* **DIRECTIONS FOR THIS TASK**: Word for word, print each line of the listing below; pictures stay out.

* **RECORDS SHOWN**:
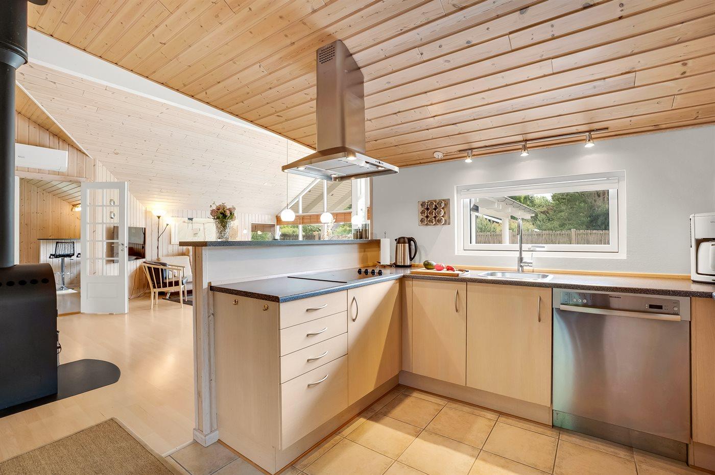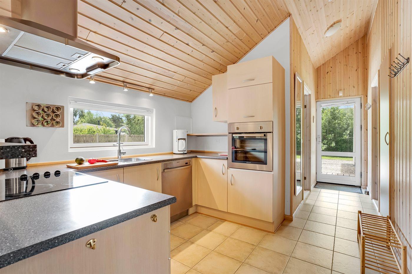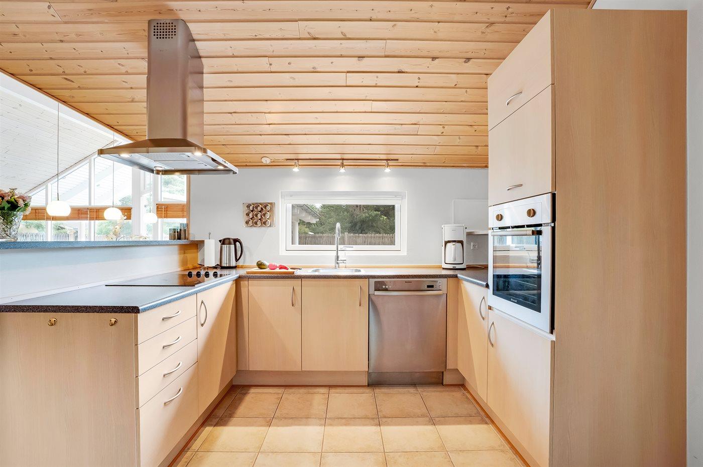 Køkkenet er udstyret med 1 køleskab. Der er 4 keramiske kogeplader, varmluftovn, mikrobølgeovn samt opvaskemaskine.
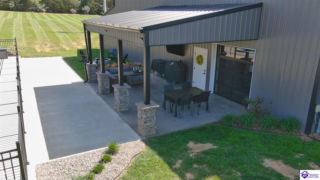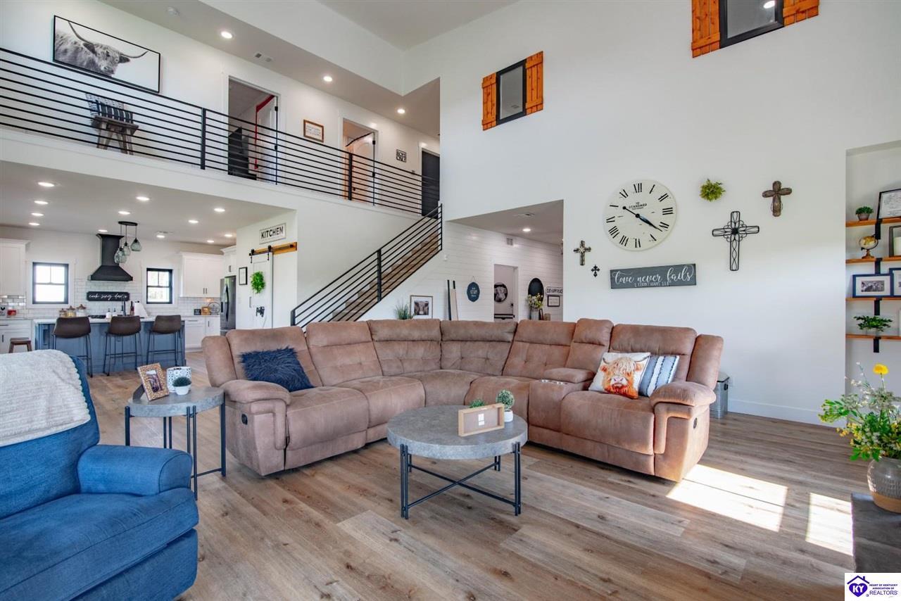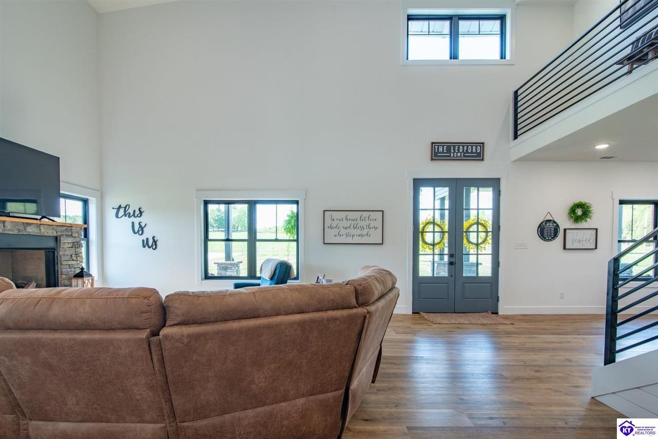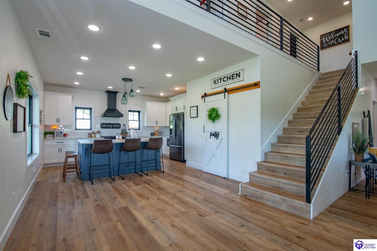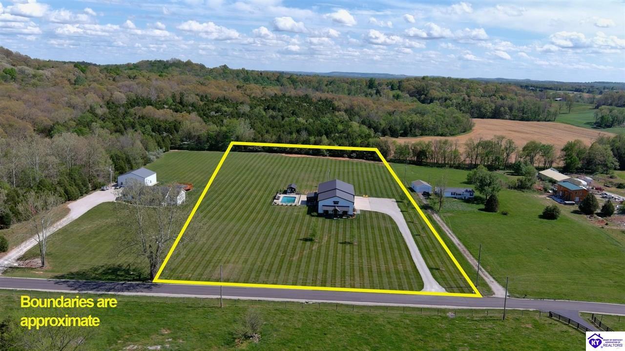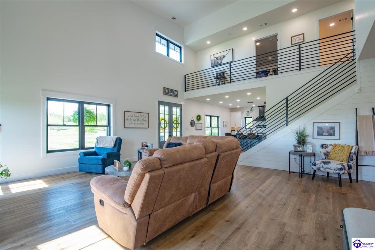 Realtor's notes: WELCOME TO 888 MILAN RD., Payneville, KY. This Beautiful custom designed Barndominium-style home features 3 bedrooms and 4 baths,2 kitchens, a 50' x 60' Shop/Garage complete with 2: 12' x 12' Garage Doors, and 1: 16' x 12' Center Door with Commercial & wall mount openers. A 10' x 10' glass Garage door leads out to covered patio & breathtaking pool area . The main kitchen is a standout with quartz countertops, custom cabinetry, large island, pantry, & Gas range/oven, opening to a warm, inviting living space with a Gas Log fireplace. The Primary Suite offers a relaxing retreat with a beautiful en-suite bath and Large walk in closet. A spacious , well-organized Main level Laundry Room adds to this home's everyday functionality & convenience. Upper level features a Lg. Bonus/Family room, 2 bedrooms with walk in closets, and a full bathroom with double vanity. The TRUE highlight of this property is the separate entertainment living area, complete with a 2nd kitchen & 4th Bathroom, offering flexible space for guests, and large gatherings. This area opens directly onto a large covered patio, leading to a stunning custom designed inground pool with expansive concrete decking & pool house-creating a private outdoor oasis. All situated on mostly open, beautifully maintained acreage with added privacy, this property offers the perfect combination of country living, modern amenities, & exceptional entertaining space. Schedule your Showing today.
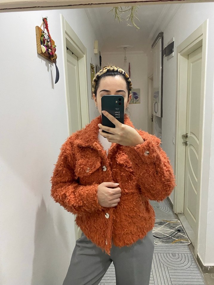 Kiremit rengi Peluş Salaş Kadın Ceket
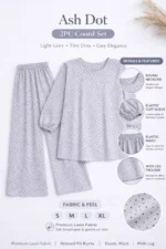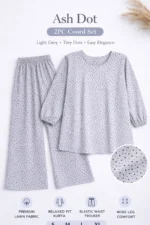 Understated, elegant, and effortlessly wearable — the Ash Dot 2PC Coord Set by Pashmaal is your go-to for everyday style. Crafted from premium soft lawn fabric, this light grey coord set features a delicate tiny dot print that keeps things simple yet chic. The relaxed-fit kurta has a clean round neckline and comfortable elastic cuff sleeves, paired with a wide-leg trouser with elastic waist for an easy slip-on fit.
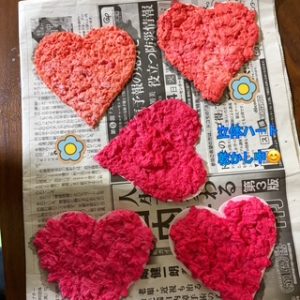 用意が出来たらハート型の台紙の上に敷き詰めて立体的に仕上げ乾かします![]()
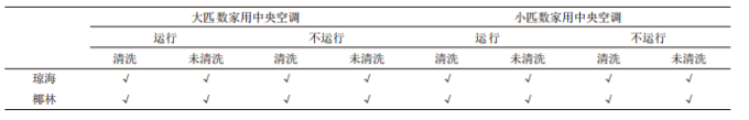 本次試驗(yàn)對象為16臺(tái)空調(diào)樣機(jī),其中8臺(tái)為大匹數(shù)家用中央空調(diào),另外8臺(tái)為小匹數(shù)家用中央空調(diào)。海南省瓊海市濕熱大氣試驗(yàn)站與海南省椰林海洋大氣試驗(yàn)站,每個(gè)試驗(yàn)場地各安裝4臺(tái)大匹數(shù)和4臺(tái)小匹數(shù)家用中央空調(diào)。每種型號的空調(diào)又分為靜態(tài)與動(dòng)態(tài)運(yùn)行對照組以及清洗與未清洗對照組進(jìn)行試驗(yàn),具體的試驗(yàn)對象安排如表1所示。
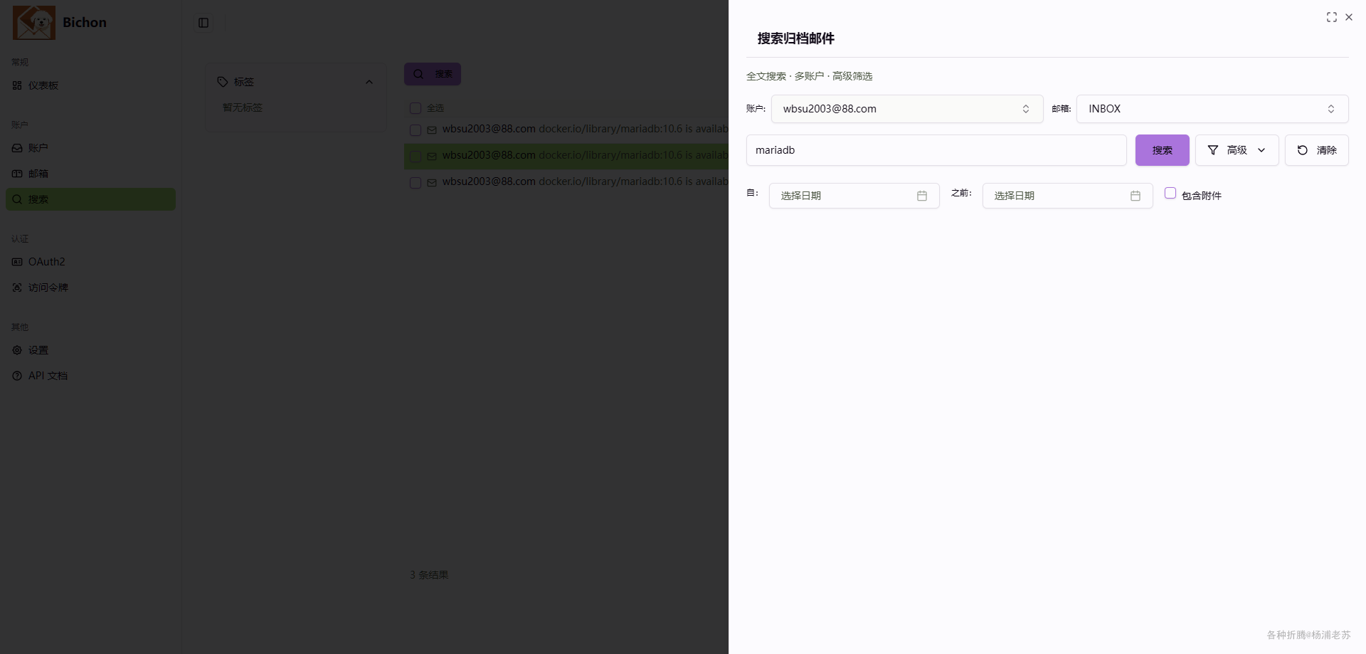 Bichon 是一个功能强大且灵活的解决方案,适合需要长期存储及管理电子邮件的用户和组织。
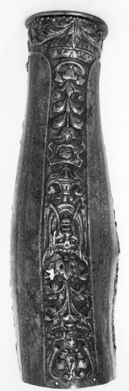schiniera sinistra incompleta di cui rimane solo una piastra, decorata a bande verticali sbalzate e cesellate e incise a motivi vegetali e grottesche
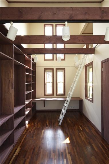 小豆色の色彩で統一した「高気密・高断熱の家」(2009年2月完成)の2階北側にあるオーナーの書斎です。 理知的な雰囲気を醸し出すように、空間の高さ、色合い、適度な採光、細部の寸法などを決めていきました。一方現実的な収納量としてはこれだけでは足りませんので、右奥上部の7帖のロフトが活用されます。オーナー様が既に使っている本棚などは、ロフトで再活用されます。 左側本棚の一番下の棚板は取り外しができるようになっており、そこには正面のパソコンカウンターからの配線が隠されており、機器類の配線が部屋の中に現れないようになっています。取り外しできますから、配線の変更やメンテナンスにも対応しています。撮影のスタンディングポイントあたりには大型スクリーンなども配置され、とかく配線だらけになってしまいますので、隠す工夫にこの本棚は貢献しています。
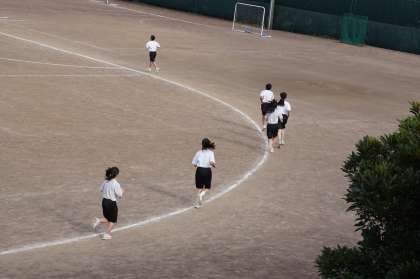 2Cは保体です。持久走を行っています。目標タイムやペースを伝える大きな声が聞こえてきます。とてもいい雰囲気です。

* **EXERCISE SOLUTION**:
 Køkkenet er udstyret med 1 køleskab. Der er 4 keramiske kogeplader, varmluftovn, mikrobølgeovn samt opvaskemaskine.
 Realtor's notes: WELCOME TO 888 MILAN RD., Payneville, KY. This Beautiful custom designed Barndominium-style home features 3 bedrooms and 4 baths,2 kitchens, a 50' x 60' Shop/Garage complete with 2: 12' x 12' Garage Doors, and 1: 16' x 12' Center Door with Commercial & wall mount openers. A 10' x 10' glass Garage door leads out to covered patio & breathtaking pool area . The main kitchen is a standout with quartz countertops, custom cabinetry, large island, pantry, & Gas range/oven, opening to a warm, inviting living space with a Gas Log fireplace. The Primary Suite offers a relaxing retreat with a beautiful en-suite bath and Large walk in closet. A spacious , well-organized Main level Laundry Room adds to this home's everyday functionality & convenience. Upper level features a Lg. Bonus/Family room, 2 bedrooms with walk in closets, and a full bathroom with double vanity. The TRUE highlight of this property is the separate entertainment living area, complete with a 2nd kitchen & 4th Bathroom, offering flexible space for guests, and large gatherings. This area opens directly onto a large covered patio, leading to a stunning custom designed inground pool with expansive concrete decking & pool house-creating a private outdoor oasis. All situated on mostly open, beautifully maintained acreage with added privacy, this property offers the perfect combination of country living, modern amenities, & exceptional entertaining space. Schedule your Showing today.
 Kiremit rengi Peluş Salaş Kadın Ceket
 Understated, elegant, and effortlessly wearable — the Ash Dot 2PC Coord Set by Pashmaal is your go-to for everyday style. Crafted from premium soft lawn fabric, this light grey coord set features a delicate tiny dot print that keeps things simple yet chic. The relaxed-fit kurta has a clean round neckline and comfortable elastic cuff sleeves, paired with a wide-leg trouser with elastic waist for an easy slip-on fit.
 用意が出来たらハート型の台紙の上に敷き詰めて立体的に仕上げ乾かします![]()
 本次試驗(yàn)對象為16臺(tái)空調(diào)樣機(jī),其中8臺(tái)為大匹數(shù)家用中央空調(diào),另外8臺(tái)為小匹數(shù)家用中央空調(diào)。海南省瓊海市濕熱大氣試驗(yàn)站與海南省椰林海洋大氣試驗(yàn)站,每個(gè)試驗(yàn)場地各安裝4臺(tái)大匹數(shù)和4臺(tái)小匹數(shù)家用中央空調(diào)。每種型號的空調(diào)又分為靜態(tài)與動(dòng)態(tài)運(yùn)行對照組以及清洗與未清洗對照組進(jìn)行試驗(yàn),具體的試驗(yàn)對象安排如表1所示。
 Bichon 是一个功能强大且灵活的解决方案,适合需要长期存储及管理电子邮件的用户和组织。
schiniera sinistra incompleta di cui rimane solo una piastra, decorata a bande verticali sbalzate e cesellate e incise a motivi vegetali e grottesche
 小豆色の色彩で統一した「高気密・高断熱の家」(2009年2月完成)の2階北側にあるオーナーの書斎です。 理知的な雰囲気を醸し出すように、空間の高さ、色合い、適度な採光、細部の寸法などを決めていきました。一方現実的な収納量としてはこれだけでは足りませんので、右奥上部の7帖のロフトが活用されます。オーナー様が既に使っている本棚などは、ロフトで再活用されます。 左側本棚の一番下の棚板は取り外しができるようになっており、そこには正面のパソコンカウンターからの配線が隠されており、機器類の配線が部屋の中に現れないようになっています。取り外しできますから、配線の変更やメンテナンスにも対応しています。撮影のスタンディングポイントあたりには大型スクリーンなども配置され、とかく配線だらけになってしまいますので、隠す工夫にこの本棚は貢献しています。
 2Cは保体です。持久走を行っています。目標タイムやペースを伝える大きな声が聞こえてきます。とてもいい雰囲気です。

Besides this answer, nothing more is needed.